Incidental focal colorectal FDG uptake on PET/CT is associated with a high risk of ACRN and is affecting subsequent patient management. Further evaluation with colonoscopy is recommended when the patient is considered suitable for further treatment.

摘要

目的和目标

本研究的主要目的是评估氟脱氧葡萄糖正电子发射断层扫描/计算机断层扫描(FDG-PET/CT)上偶然发现的结直肠焦点与结肠镜和组织病理学结果之间的相关性。次要目的是确定这些发现在多大程度上导致了患者管理的改变。

材料和方法

对 2015 年 7 月至 2018 年 7 月间进行 FDG-PT/CT 扫描的 5850 例患者进行了回顾性研究。

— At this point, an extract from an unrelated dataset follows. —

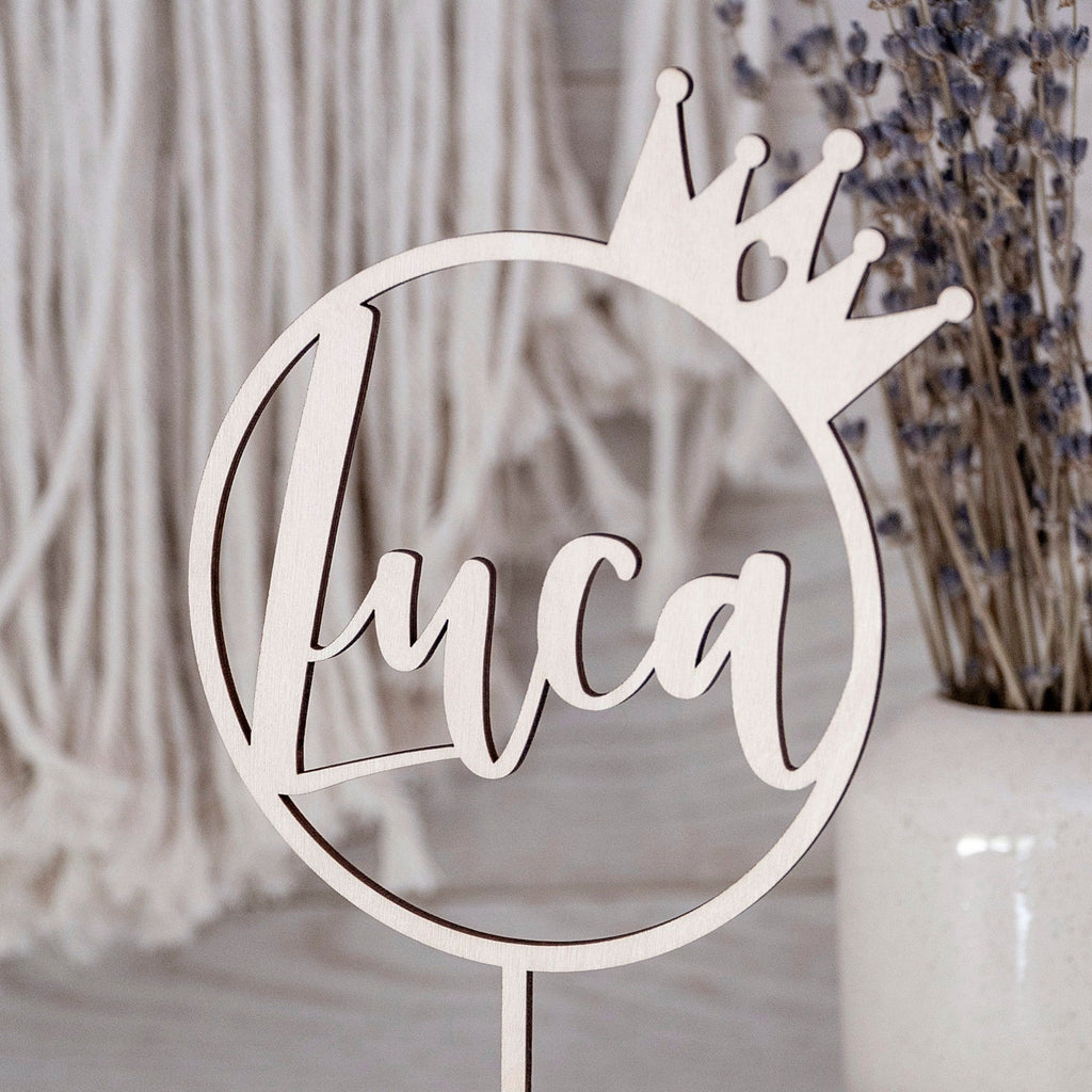 Unser liebevoll gestalteter Cake Topper mit der Krone wird mit dem Namen des Geburtstagskindes personalisiert und ist der funkelnde Hingucker auf jeder Geburtstagstorte.

在这些患者中,我们确定了 PET/CT 描述为偶然发现的结直肠 FDG 摄取且在 PET/CT 扫描后 90 天内进行结肠镜检查的患者。对每处病变和每例患者进行 PET/CT 检查结果与结肠镜检查发现的病变和最终组织病理学检查结果进行比较。

结果

共有 145 例患者纳入研究。FDG-PET/CT 上共检测到 180 个结直肠 FDG 摄取焦点。其中,86 个焦点对应高级结直肠肿瘤(ACRN),阳性预测值(PPV)为 47.8%;95%可信区间:40.5-55.1%)。在每例患者的分析中,81 例患者在结肠镜检查时至少有一个 ACRN(PPV 55.9%;95%可信区间:47.6-63.8%),其中包括 20 例(13.8%)诊断为癌症的患者。在同一结肠段,焦点 FDG 摄取与结肠镜检查时发现 ACRN 之间存在小的正相关,具有统计学意义,rho = 0.2565,= 0.002。这些发现改变了 67 例(46.2%)患者的治疗方案。

结论

PET/CT 上偶然发现的结直肠焦点摄取与 ACRN 风险高相关,并影响后续的患者管理。当患者被认为适合进一步治疗时,建议进一步进行结肠镜检查评估。